Prior to joining the Company, Mr. Posner was the Chief Financial Officer of Power Medical Interventions, Inc., a publicly traded manufacturer of medical devices, from January 2009 to September 2009, prior to its sale to another company. From 1999 to 2008, Mr. Posner worked in various financial positions for Pharmacopeia, Inc., a publicly traded clinical development biopharmaceutical company. From May 2006 to December 2008, Mr. Posner served as Executive Vice President, Chief Financial Officer and Treasurer of Pharmacopeia.  From March 1999 to May 2006, Mr. Posner served in capacities at Pharmacopeia, which included Chief Accounting Officer, Treasurer, Vice President, Finance, Executive Director, Finance and Director, Finance. Prior to joining Pharmacopeia, Mr. Posner served as Chief Financial Officer of Photosynthetic Harvest, Inc., an early-stage biotechnology company from 1997 to 1999. Previously, Mr. Posner held senior financial positions at several organizations in the healthcare industry and was a member of the audit staff at PriceWaterhouseCoopers, LLP, with a diverse group of clients in the manufacturing, banking and natural resources sectors. Mr. Posner is a Certified Public Accountant and has a Masters of Business Administration degree from Pace University.

On May 21, 2010, the Company and Mr. Posner entered into an employment agreement (the “Agreement”). Mr. Posner’s base salary under the Agreement is $265,000 (“Base Salary”), which shall be reviewed annually.  Mr. Posner will also be eligible to receive a performance bonus of up to 35% of his Base Salary. Subject to approval by the Company’s Board of Directors (the “Board”), Mr. Posner will also receive a grant of stock options representing 30,000 shares of the Company’s common stock and 10,000 shares of restricted stock, which will both be subject to the terms of the Company’s 2006 Stock Incentive Plan. The stock options will vest equally over five years on the anniversary of the date of grant. The restricted stock will vest over three years based on the attainment of certain performance goals. In the event of Mr. Posner’s termination, the Agreement provides for accelerated vesting of stock options and restricted stock in certain specified cases.

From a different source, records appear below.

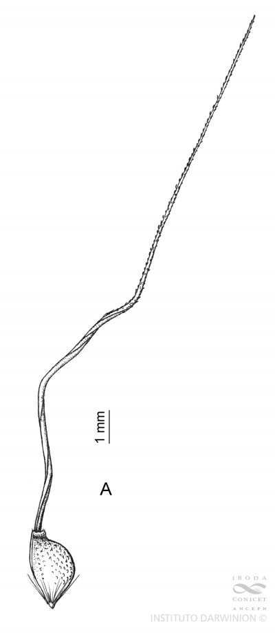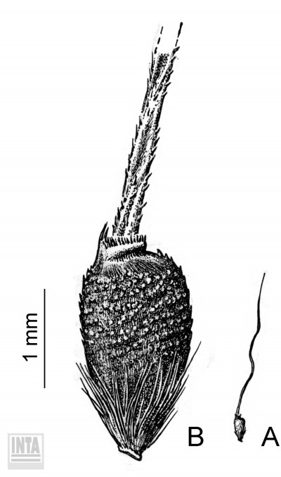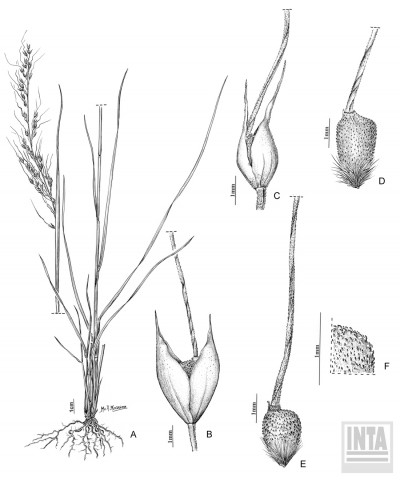 Plantas de 30-80 cm de altura; cañas floríferas de 0,8-1 mm de diámetro, estriadas, 2-3 nodes; nudos castaños a negruzcos, a veces comprimidos, glabros; entrenudos de 10-16 cm de largo; vainas ceñidas al tallo, de 3-8 cm de largo, estriadas, glabras, con margen membranáceo-hialino, glabro a ligeramente escabriúsculo; lígula de 1-1,5 mm de largo, glabra, con margen entero; láminas lineares, convolutas, de (6-)11-22 cm x 1-2 mm, ambas caras estriadas, más conspicuamente la adaxial, glabras o bien epifilo hispídulo en la base, margen liso a ligeramente escabriúsculo hacia el ápice; pedúnculo cilíndrico de 10-22(-28) cm de largo, estriado, glabro. Inflorescencia una panoja de 8-25 x 2-9 cm, de aproximadamente 80 flores, con ramificaciones contraídas a laxas, cilíndricas a comprimidas hacia el ápice, estriadas, escabriúsculas; pedicelos cilíndricos de 1-5,5 mm de largo, escabrosos, rectos o sinuosos. Espiguillas de 3-4 x 1-1,5 mm; glumas más largas que el antecio, acuminadas, 5-nervias, violáceas hacia la porción basal, glabras, hispídulas sobre el nervio medio hacia el ápice; gluma inferior de 3,5-4 mm de largo; gluma superior de 3-3,5 mm de largo; antecio de (1,8-)2,4-3(-3,5) x 0,8-1,2 mm, globoso, rara vez levemente comprimido y alargado, castaño cuando maduro; lemma ceñida por debajo de la corona, fina y longitudinalmente estriada, glabra, con ganchos y aguijones, a veces estos últimos asociados en su base a los bordes de las células adyacentes, uniforme y densamente dispuestos en toda la superficie de los ¾ superiores, a veces disminuyendo su densidad hacia la corona; corona inconspicua, ceñida a la base de la arista, hasta de 0,5(-0,6) mm de diámetro, con ganchos y aguijones en su borde; antopodio de 0,2-0,5 mm de largo, obtuso, truncado, cubierto por pelos blanquecinos a dorados densamente dispuestos, los superiores llegando hasta ½ del largo del antecio; arista bigeniculada, de 1,1-2,5 cm de largo; pálea de ca. 2 mm de largo, con escasas papilas inflexas en el surco; lodículas 3, elípticas, de 0,5 mm de largo, glabras; cariopsis de 0,8-1,5 x 0,8-1 mm, subglobosa, comprimida lateralmente; hilo linear; embrión ¼-? del largo de la cariopsis.
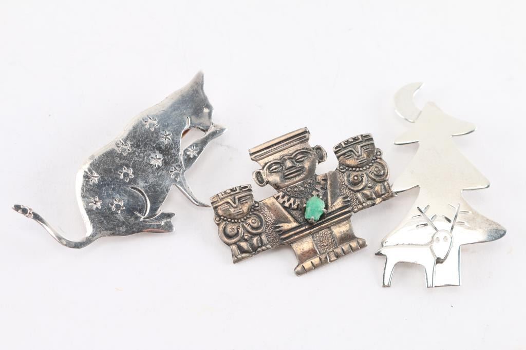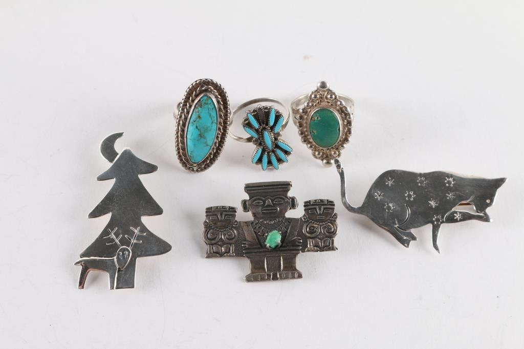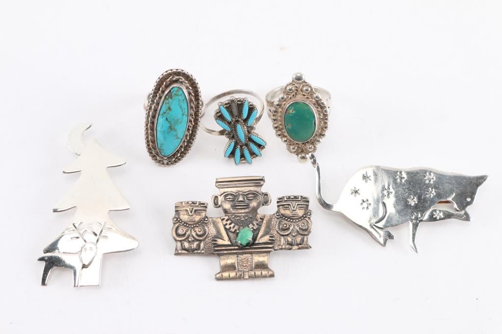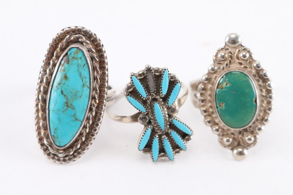 (3) Turquoise rings, sizes 5 3/4, 7, 8 1/4.(3) Pins, one can be a pendant as well.
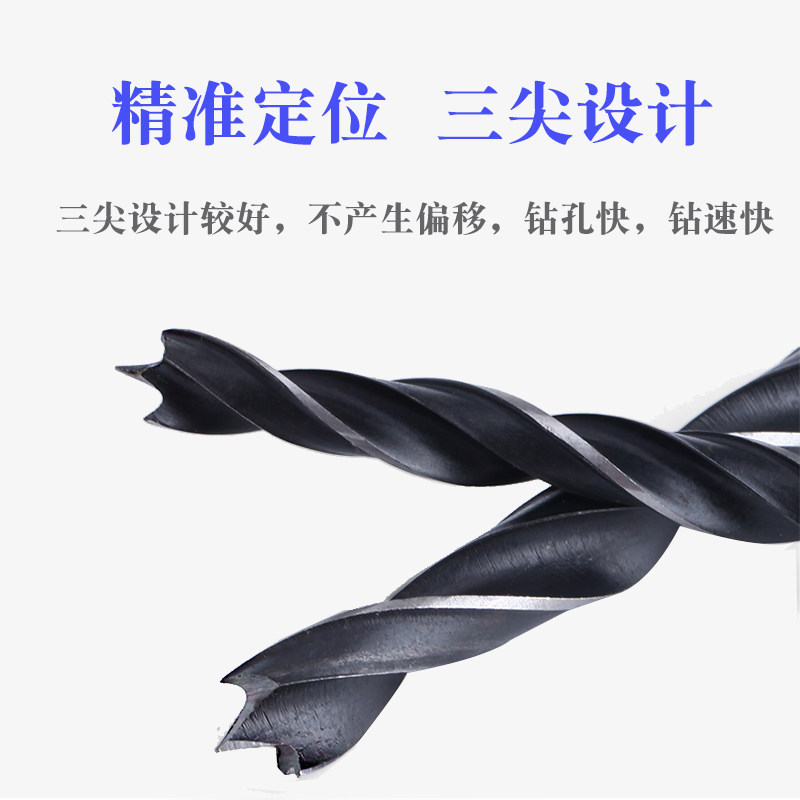 Multifunctional woodworking drill bit three-pointed drill hardwood punching twist drill bit support Luo drill drill electric drill turn head set
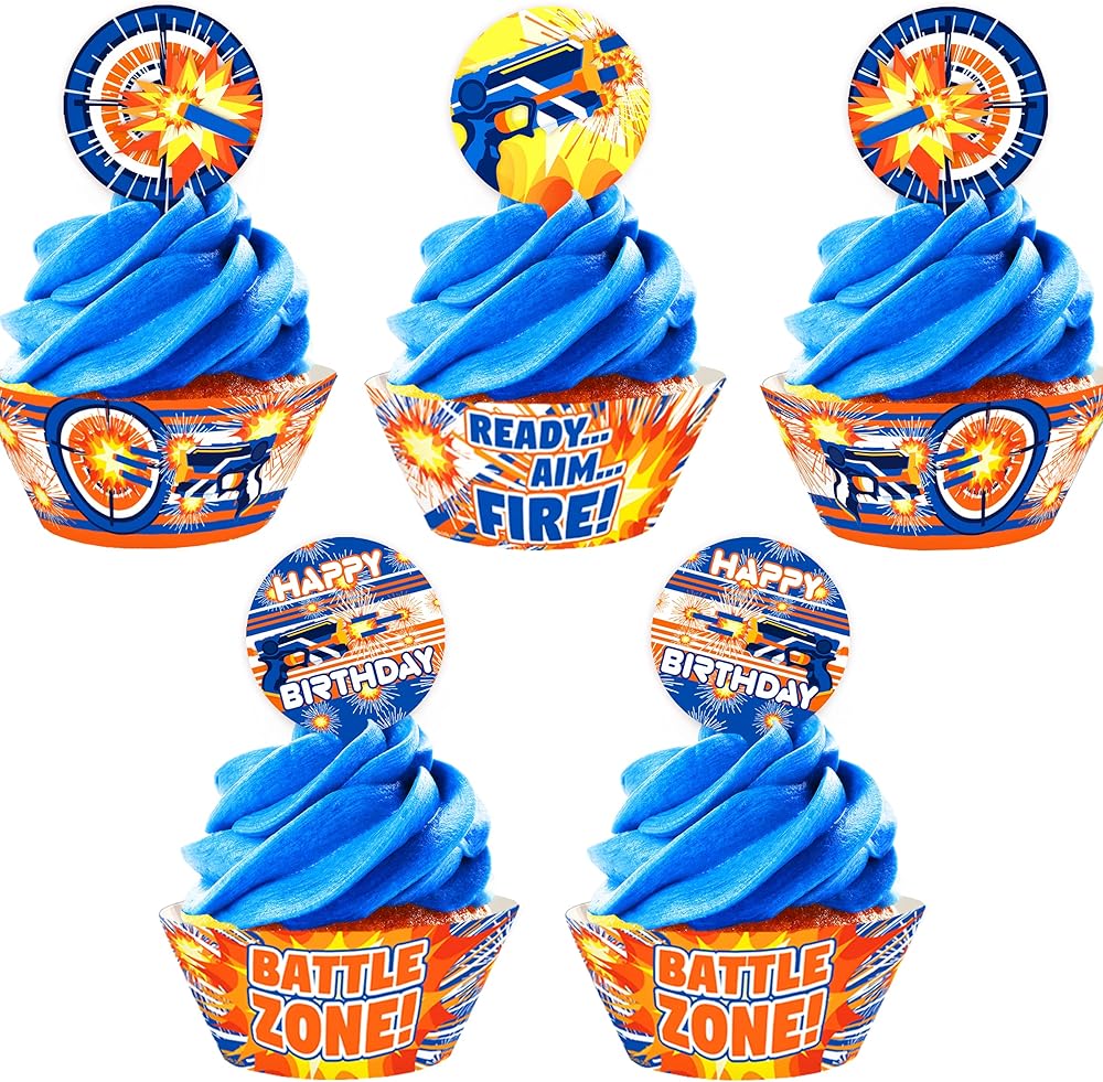 Dart War Cupcake Kit - 24 Dart War Cupcake Toppers and 24 Cupcake Wrappers - Dart War Party Supplies - Dart War Party Decorations - Dart Party - Cupcake 2

The Agreement also provides for severance in the event Mr. Posner terminates his employment with the Company for “Good Reason” (as defined in the Agreement) or Mr. Posner’s employment is terminated other than for “Cause” (as defined in the Agreement) or the inability of Mr. Posner to perform required services as a result of physical or mental incapacitation. If such termination occurs after the first 12 months of employment Mr. Posner will receive 3 months of Base Salary. If such termination occurs after the first 24 months of employment Mr. Posner will receive 6 months of Base Salary.

The Agreement also contains non-competition and confidentiality provisions.

Item 8.01 Other Events.

On June 2, 2010, the Company issued a press release announcing the appointment of Mr. Posner. The full text of the press release is filed as Exhibit 99.1 to this Form 8-K and is incorporated herein by reference.

Item 9.01. Financial Statements and Exhibits.

(d) Exhibits.

     
99.1
  Press release issued by the Company dated June 2, 2010.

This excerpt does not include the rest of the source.